Task goal - Below are records with pictures in them. Output exactly the lines from the one with "Sélectionner les documents" through the one with "Favorite this☆ Cunningham", both included, and leave every picture out; give only those lines.

Data extracts -
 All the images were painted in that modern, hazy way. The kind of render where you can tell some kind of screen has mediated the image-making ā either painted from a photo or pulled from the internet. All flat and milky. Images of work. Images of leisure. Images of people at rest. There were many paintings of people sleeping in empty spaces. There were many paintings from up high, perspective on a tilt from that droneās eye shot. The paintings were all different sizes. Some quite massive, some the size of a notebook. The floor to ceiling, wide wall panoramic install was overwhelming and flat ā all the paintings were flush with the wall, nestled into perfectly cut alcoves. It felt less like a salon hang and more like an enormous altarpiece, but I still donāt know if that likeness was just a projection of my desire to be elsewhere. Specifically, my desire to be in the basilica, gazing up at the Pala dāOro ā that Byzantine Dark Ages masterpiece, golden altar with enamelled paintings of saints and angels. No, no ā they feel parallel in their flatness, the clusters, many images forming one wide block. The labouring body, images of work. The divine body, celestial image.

...

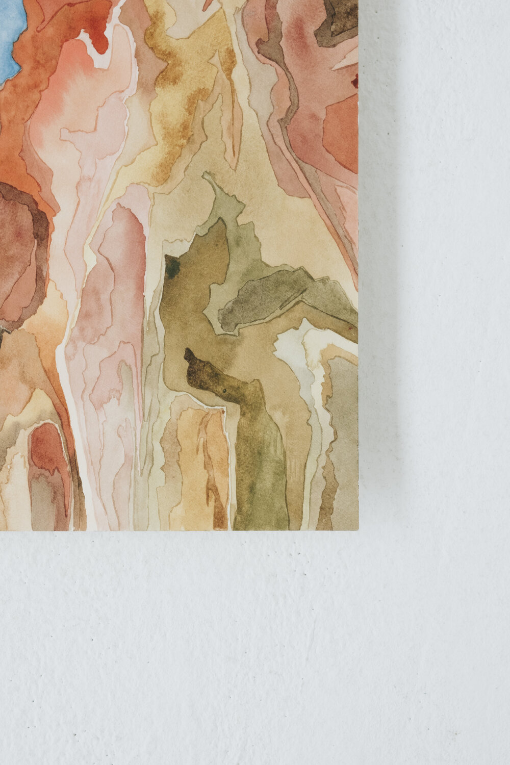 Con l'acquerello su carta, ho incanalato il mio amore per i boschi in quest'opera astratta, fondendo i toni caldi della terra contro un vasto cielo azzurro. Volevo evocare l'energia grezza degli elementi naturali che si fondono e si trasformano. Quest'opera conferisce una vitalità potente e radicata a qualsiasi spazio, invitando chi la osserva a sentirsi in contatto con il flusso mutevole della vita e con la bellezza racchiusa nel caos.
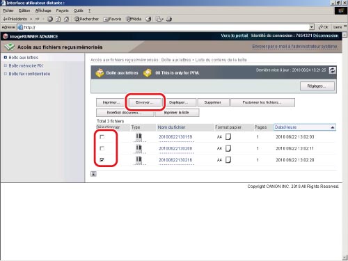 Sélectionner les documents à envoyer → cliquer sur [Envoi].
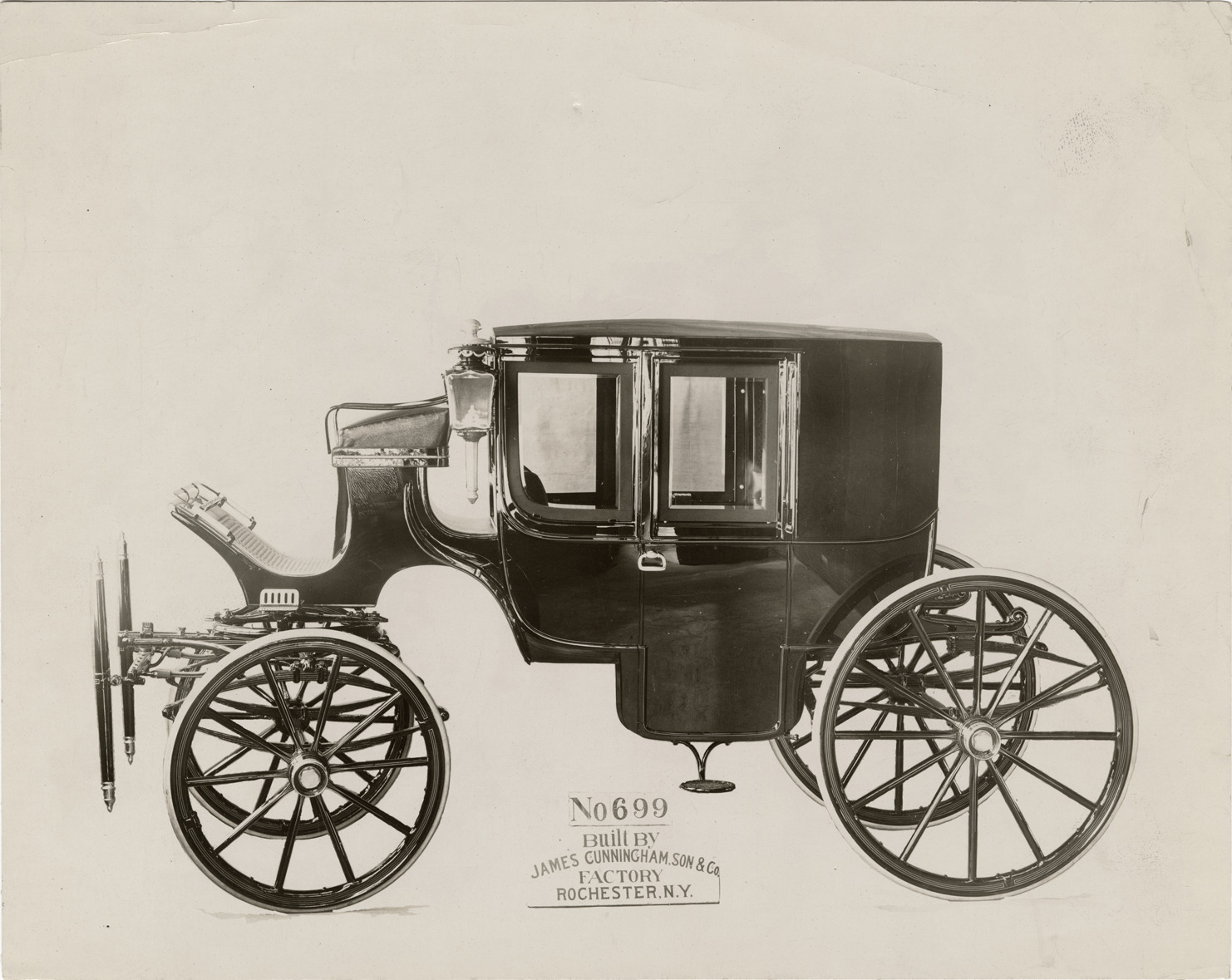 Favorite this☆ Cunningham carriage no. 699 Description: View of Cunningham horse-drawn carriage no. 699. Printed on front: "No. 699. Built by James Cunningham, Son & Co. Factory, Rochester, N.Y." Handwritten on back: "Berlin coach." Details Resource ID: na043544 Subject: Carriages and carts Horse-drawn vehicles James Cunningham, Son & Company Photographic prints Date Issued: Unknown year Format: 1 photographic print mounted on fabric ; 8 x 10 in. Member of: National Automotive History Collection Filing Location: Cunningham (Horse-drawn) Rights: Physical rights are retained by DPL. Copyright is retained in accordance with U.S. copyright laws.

Written answer -
 Sélectionner les documents à envoyer → cliquer sur [Envoi].
 Favorite this☆ Cunningham carriage no. 699 Description: View of Cunningham horse-drawn carriage no. 699. Printed on front: "No. 699. Built by James Cunningham, Son & Co. Factory, Rochester, N.Y." Handwritten on back: "Berlin coach." Details Resource ID: na043544 Subject: Carriages and carts Horse-drawn vehicles James Cunningham, Son & Company Photographic prints Date Issued: Unknown year Format: 1 photographic print mounted on fabric ; 8 x 10 in. Member of: National Automotive History Collection Filing Location: Cunningham (Horse-drawn) Rights: Physical rights are retained by DPL. Copyright is retained in accordance with U.S. copyright laws.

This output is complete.